It's silent for a few seconds. Miriam doesn't speak, as if she hoped that her father or mother would free her, through a question, from the duty to deliver the message. She stands silently. None of the three moves. Mendel stands up and says: “A misfortune has occurred!”

Miriam says: “Mac has come back. He has brought Sam's watch and his last greetings.”

Deborah sits, as if nothing had happened, calmly on the armchair. Her eyes are dry and empty, like two dark little pieces of glass. She sits opposite the window and it looks as if she were counting the snowflakes.

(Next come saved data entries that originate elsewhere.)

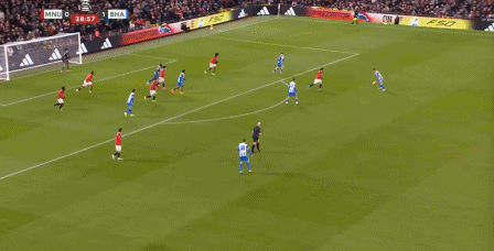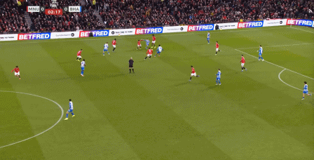 随后布莱顿更是邻接完成禁区前的横移,从弱侧仍是看到了攻门的契机: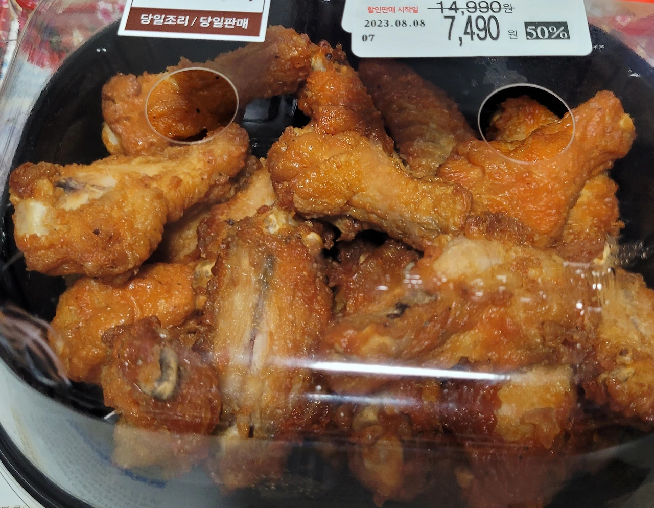 어제도 늦은 퇴근 후 마트에 들러서 집에 온 남편의 장바구니에는 초밥 3 상자, 치킨 2 상자, 복숭아가 담겨 있었다. 초밥 9,900원짜리는 4,990원에, 14,990원짜리 버펄로윙은 7,490원, 6,990원짜리 당당 치킨은 3,490원으로 50%의 할인을 받은 것이었다. 복숭아 몇 개 겉면에 검은 점들이 있던 것을 제외하고는 아주 멀쩡했는데 칼로 깎아서 먹으니 그야말로 꿀맛 딱딱이 복숭아였다. 그것도 복숭아 2 상자(1 상자당 7개입)를 1만 원도 안 돼서 가져오다니!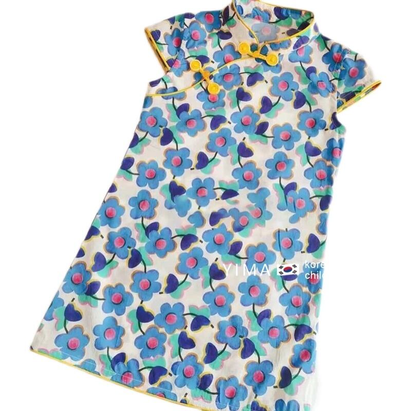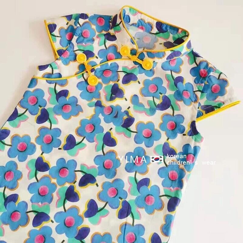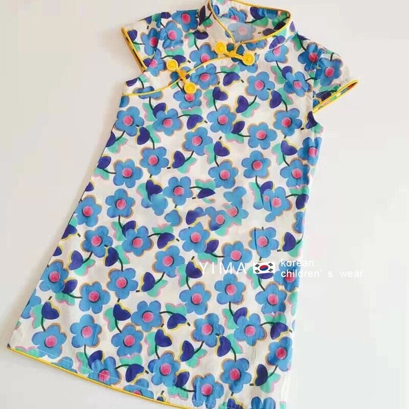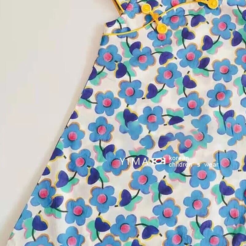 色:青い花のチャイナドレス
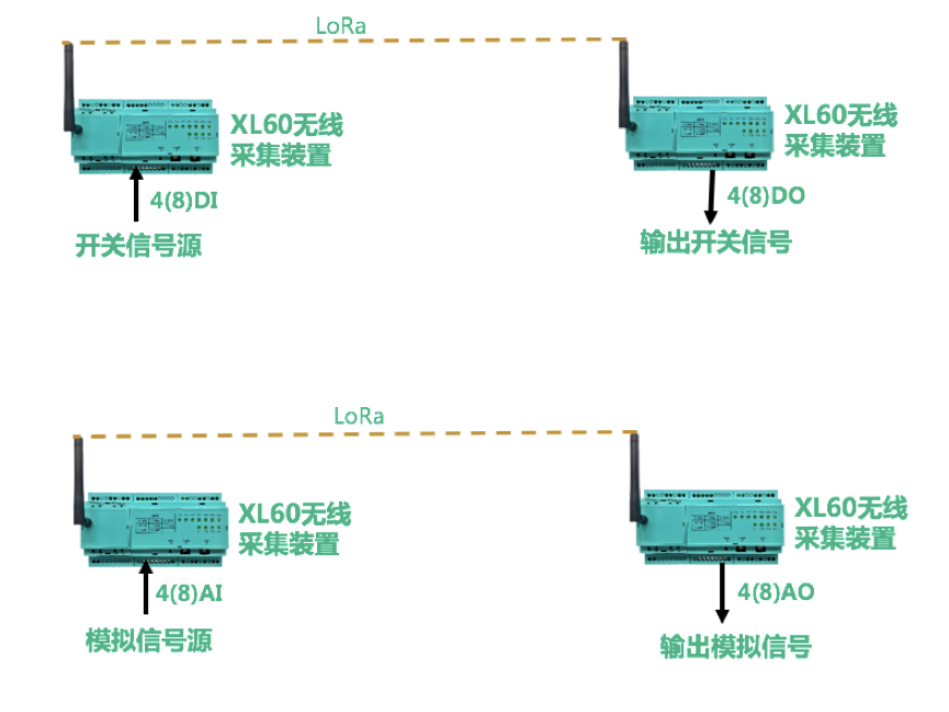 選擇兩臺(tái)XL60無線采集裝置,以一對(duì)一的無線傳輸方式,實(shí)現(xiàn)模擬、開關(guān)信號(hào)無線傳輸:

It's quiet, one hears the hard ticking of the clock. Suddenly Deborah begins, very slowly, with creeping fingers, to tear out her hair. She pulls one plait of hair after another over her face, which is pale and motionless, like swollen plaster. Then she tears out one strand after another, almost in the same tempo in which the snowflakes are falling outside. Already two or three white islands appear in the middle of her hair, a few coin-sized spots of naked scalp and very tiny drops of red blood. No one moves. The clock ticks, the snow falls, and Deborah gently tears out her hair.

Miriam sinks to her knees, buries her head in Deborah's lap and stops moving. In Deborah's face not a feature changes. Her two hands take turns pulling at her hair. Her hands look like pale, fleshy five-footed animals that feed on hair.

Mendel stands, his arms folded over the back of the armchair.

Deborah begins to sing. She sings with a deep, manly voice that sounds as if an invisible singer were in the room. The strange voice sings an old Jewish song without words, a black lullaby for dead children.

Miriam rises, straightens her hat, goes to the door and lets Mac in.

He is larger in uniform than in civilian clothing. In both hands, which he holds in front of him like plates, he has Sam's watch, wallet and coin purse.

These objects Mac lays slowly on the table, directly before Deborah. He watches her tearing out her hair for a while, then he goes to Mendel, lays his large hands on the old man's shoulders and weeps soundlessly. His tears stream, a heavy rain over his uniform. It's quiet, Deborah's song has ceased, the clock ticks, the evening sinks suddenly over the world, the lamp no longer glows yellow but white, behind the windowpanes the world is black, one can see no more flakes. All of a sudden a wailing sound comes out of Deborah's breast. It sounds like the rest of that melody she was singing before, a ruptured, shattered note.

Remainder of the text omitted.